**Your instructions**
Transcribe exactly the lines below that begin at the line with "- This darling" and stop after the line with "From left: Canon", leaving out every picture.

**Information provided**
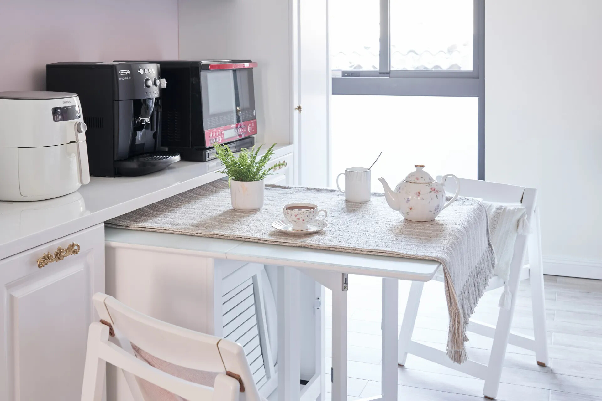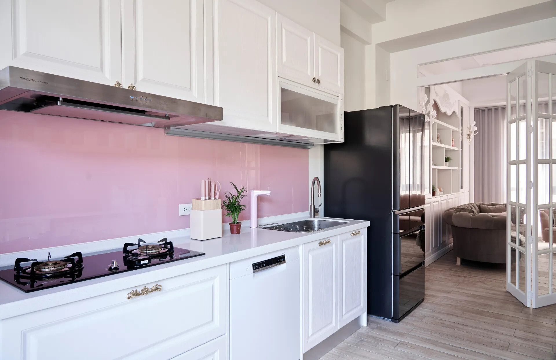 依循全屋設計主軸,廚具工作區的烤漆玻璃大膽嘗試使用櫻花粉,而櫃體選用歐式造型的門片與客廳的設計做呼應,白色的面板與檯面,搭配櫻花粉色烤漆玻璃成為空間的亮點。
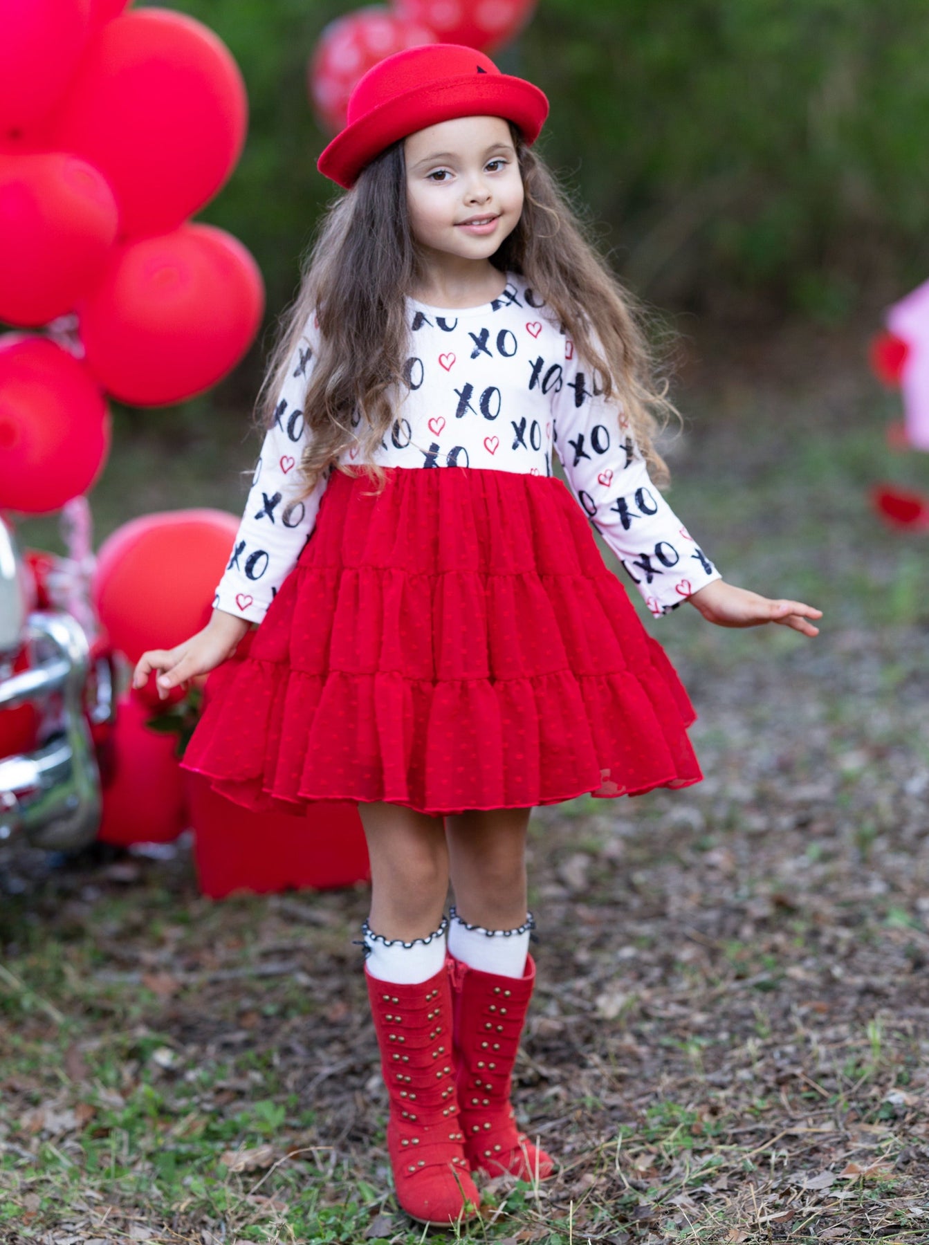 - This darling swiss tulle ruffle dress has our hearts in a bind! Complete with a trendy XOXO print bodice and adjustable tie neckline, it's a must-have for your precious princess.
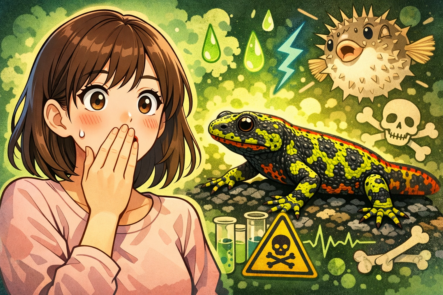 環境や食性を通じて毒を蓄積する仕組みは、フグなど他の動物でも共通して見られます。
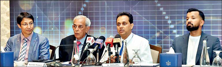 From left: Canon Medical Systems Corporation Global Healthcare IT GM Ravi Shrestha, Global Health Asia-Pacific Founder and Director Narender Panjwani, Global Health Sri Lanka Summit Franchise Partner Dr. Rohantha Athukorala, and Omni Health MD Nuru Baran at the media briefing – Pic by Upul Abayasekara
---
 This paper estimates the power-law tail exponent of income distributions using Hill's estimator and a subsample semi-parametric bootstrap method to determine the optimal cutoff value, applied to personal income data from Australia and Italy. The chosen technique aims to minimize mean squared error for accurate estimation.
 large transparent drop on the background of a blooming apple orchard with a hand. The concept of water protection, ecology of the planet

**Response for this exercise**
 - This darling swiss tulle ruffle dress has our hearts in a bind! Complete with a trendy XOXO print bodice and adjustable tie neckline, it's a must-have for your precious princess.
 環境や食性を通じて毒を蓄積する仕組みは、フグなど他の動物でも共通して見られます。
 From left: Canon Medical Systems Corporation Global Healthcare IT GM Ravi Shrestha, Global Health Asia-Pacific Founder and Director Narender Panjwani, Global Health Sri Lanka Summit Franchise Partner Dr. Rohantha Athukorala, and Omni Health MD Nuru Baran at the media briefing – Pic by Upul Abayasekara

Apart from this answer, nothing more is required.